Имитация предполагает принятие на себя некоего образа, уводящего субъекта в иллюзорное пространство, в котором, как ему представляется, может быть реализовано то, что невозможно реализовать в окружающей действительности. Имитация стала важнейшим компонентом сознания позднесоветской интеллигенции по мере оскудения творческого потенциала, нарастания неспособности и нежелания искать ответы на сложные и насущные вопросы современности. Одним из наиболее выразительных проявлений имитационного сознания стала повесть ярого диссидента и талантливого писателя Кира Булычева «Осечка-67». Персонажи этой повести – ленинградские интеллигенты – оказываются втянутыми в предпринятую властями юбилейную реконструкцию событий 25 октября 1917 г. И, ощутив себя в едином порыве кто Керенским, кто Красновым, кто членом Бунда – «переигрывают» ненавистный им и спустя более чем полвека переворот. И у всех – просветление от наступившего неведомого и прекрасного будущего-прошлого. Смешно? До колик! Но ведь они-то – всерьез! Спектр проявлений имитационного сознания широк и богат оттенками: это и маниакальные призывы Чубайса-старшего «вернуться к великому Серебряному веку», и всяческие «польские, аргентинские и пр., и пр. варианты шоковых реформ» Чубайса-младшего и Гайдара, и завывания разномастных монархистов, националистов, социал-демократов, анархистов, сталинистов – практически все, что мы наблюдаем в общественной жизни России с 1991 г. сработано либо в «стиле ретро», либо по формуле «как в цивилизованных странах». В этом контексте Г.С. Лебедев отнюдь не оригинален и его «поход во власть» не должен никого удивлять, ибо вместе с ним устремилось на это поприще множество носителей имитационного сознания, уповающих кто на что. Можно умиляться их наивностью, восторгаться их романтизмом, у многих (хотя отнюдь не у всех) действительно бескорыстным. Но ведь, в конечном счете, эти самые романтизм и азарт игроков самоутверждающихся и самовыражающихся интеллигентов в критический момент истории, когда, bona venia vestra, очередная телега российской государственности разом опрокинулась – дорого стоили миллионам людей, в том числе и им самим. И об этом забывать нельзя. Ибо именно под их прикрытием и на их плечах прорывались «наверх» совсем иные персонажи – тоже имитаторы, но отнюдь не прекраснодушные и восторженные. Рядом с которыми имитаторам-романтикам не было места.

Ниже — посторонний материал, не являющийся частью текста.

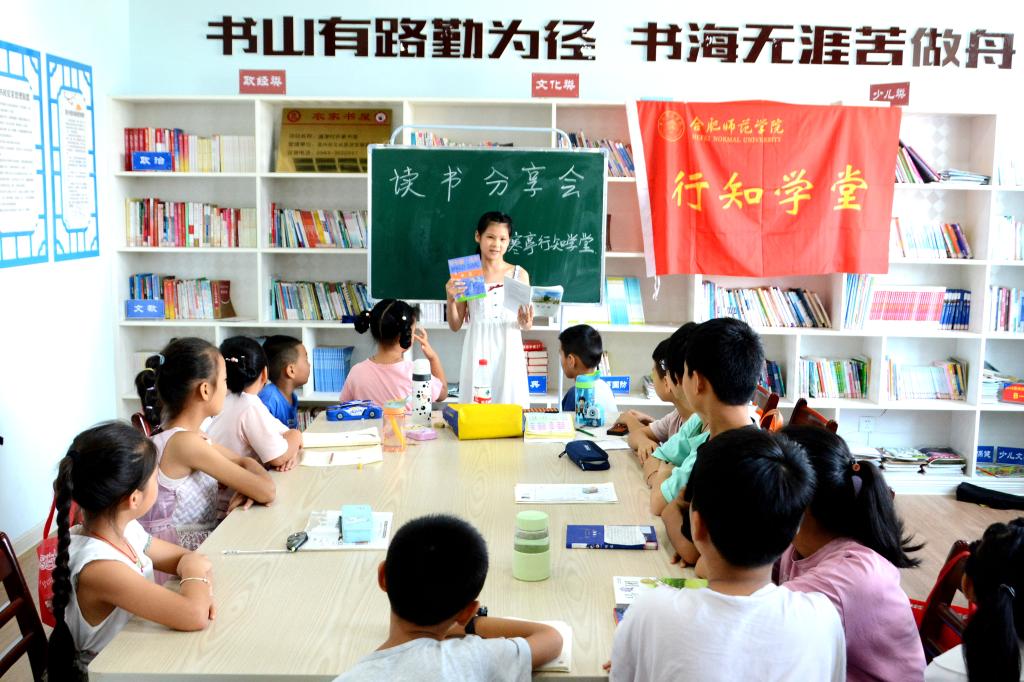 阜阳市颍东区口孜镇王庄、洪阳两村是学校脱贫攻坚定点帮扶村,文学院和经济与管理学院牵头在两个村开办行知学堂,10名“小先生”克服天气炎热、停电停水、粗茶淡饭等各种艰苦条件,开设安全教育、传统文化教育、音乐表演、美术手工等课程,服务留守儿童50余人。在开办学堂期间,“小先生”们利用课余时间向村民宣讲脱贫攻坚相关政策,并为村民提供政策答疑咨询服务,同时围绕“阜阳市颍东区洪杨村脱贫攻坚成效”开展调研,就洪杨村脱贫攻坚现状及进展、存在问题及相关对策进行田野调查。此外,教师教育学院汪昌华教授依托皖知行知学堂开办扶志课堂,在宣城、阜阳、合肥等地围绕脱贫攻坚、文化活动、新时代文明实践等主题开展理论宣讲,通过激发内生动力、提高文明素养、丰富文化生活、提升道德水平助力教育扶贫。

Что касается конкретно Г.С. Лебедева, то у него имитационная составляющая в восприятии прошлого и настоящего, определяемая решительным преобладанием образного мышления над рациональным, с течением времени проявлялась все отчетливее. И показательно, что и Л.С. Клейн, и Д.А. Мачинский, и С.Л. Кузьмин в очерках-некрологах признают реальность образа принятого на себя Г.С. Лебедевым, более того, всячески усиливают этот образ («великий конунг», «морской викинг», «витязь» и т.д.), т.е. легализуют и поддерживают имитацию. Увы, рано или поздно, а как правило, очень быстро, имитация осыпается и остается то, чем был человек в реальности: статус, отношения с коллегами и властями, вклад в науку будут рассматриваться в контексте того времени, когда человек жил и действовал. Новую генерацию – уже петербургских! – археологов невозможно заставить признать Глеба Сергеевича «великим конунгом» никакими цветами красноречия – и Д.А. Мачинский, судя по тексту вышедшего из-под его пера очерка-некролога, ощущал неизбежность скорого отмирания образа.

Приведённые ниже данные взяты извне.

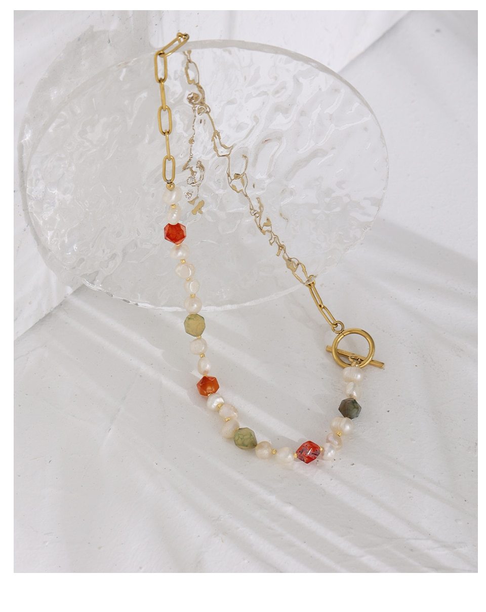 Pearl and Gemstone Asymmetric Toggle Necklace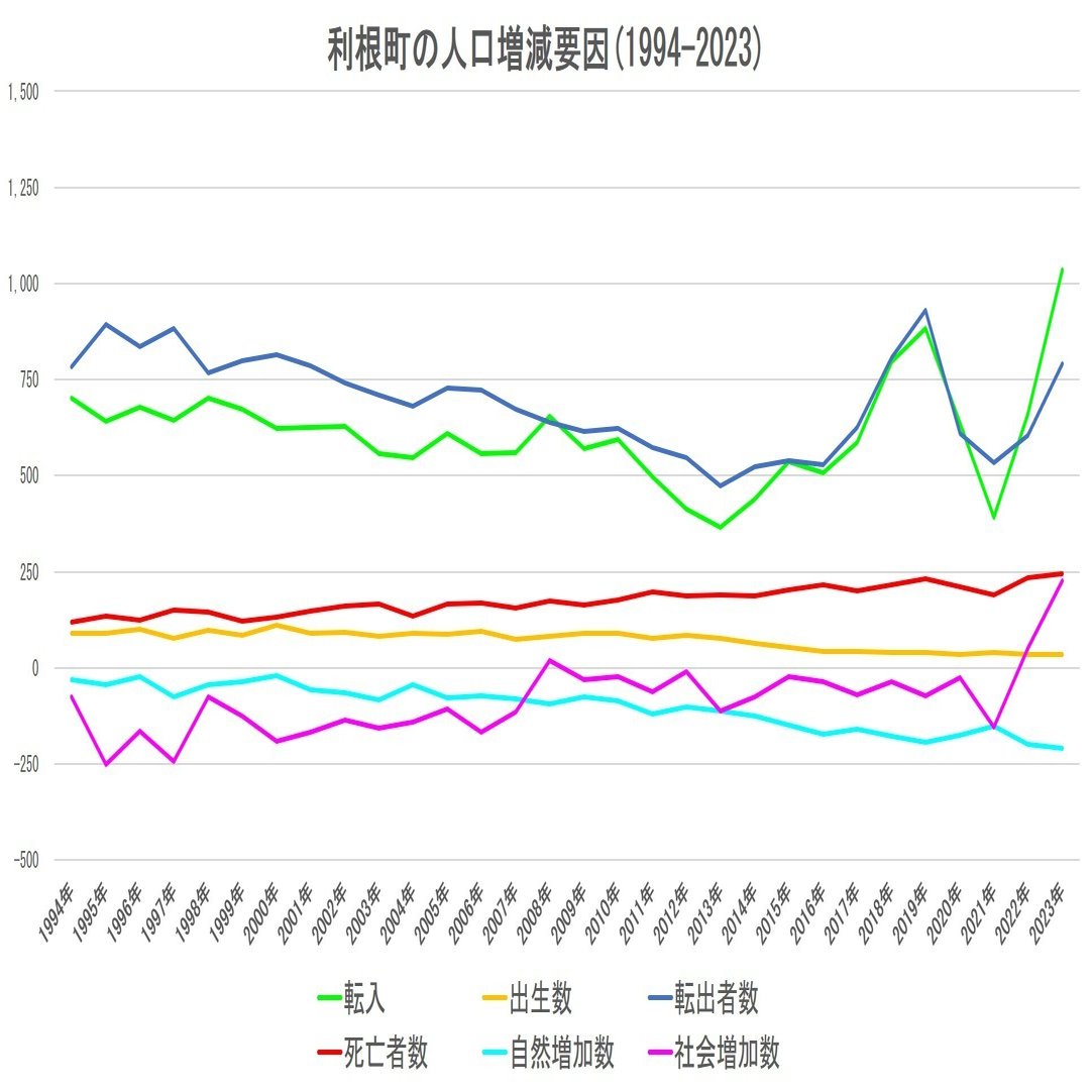 まず、転出と転入の社会増減から見てみますと、まれに社会増となっている年(2008年、2022年、2023年)がありますが、全体としては町を出ていく人のほうが多い状況です。特に2022年と2023年は社会増となっていますが、実際に増えたのは外国人だけで日本人は減っています。理由はどうあれ利根町より他所の場所の方が良いと考える人が多かったというのは事実でしょう。

Но сам Глеб Сергеевич, конечно, ничего не мог и не хотел изменить в своей судьбе. Предоставим снова слово С.Л. Кузьмину: «Летом 2003 года, в год 300-летия Санкт-Петербурга, родного города Г.С. Лебедева, без которого он себя не мыслил и не жил в нем, а ощущал себя частью его плоти, в Неву вошли корабли викингов. Их живописный лагерь раскинулся у стен Петропавловской крепости, а на песке пляжа встали копии рунических камней. Как на торжищах тысячелетней давности, зазвучала норвежская, шведская и русская речь. Среди всего этого расхаживал Глеб. Круг времен замкнулся, мечта сбылась, а земная жизнь, увы, скоро закончилась» (Кузьмин 2004: 25). Здесь, пожалуй, уместно напомнить, что родным городом Г.С. Лебедева все же был Ленинград, притом блокадный. А сбывшаяся – почти уже маниакальная – мечта увидеть корабли викингов на Неве действительно предвещала скорый конец – как любая сбывшаяся мечта.
Д.А. Мачинский восклицает: «Глубинное “я” Глеба знало о приближении конца. У мальчика, зачатого в блокадном Ленинграде и больного Россией, кончался отпущенный запас жизненных сил. Ему, как конунгу, викингу и скальду по призванию было присуще древнескандинавское чувство Судьбы, ее неизбежности, равно как и противостояния ей. В обстоятельствах смерти многих великих конунгов явственно просвечивает знание того, что в целом сроки смерти предопределены, но как конкретно, где и когда умереть – это мое дело. И смерть мою я, завершив основное дело, должен создать и обставить как некое действо и встретить достойно, не дожидаясь, пока раздавит неизбежная судьба, по своим, зачастую подлым законам. Так, по сути и ушел Глеб» (Мачинский 2004: 12).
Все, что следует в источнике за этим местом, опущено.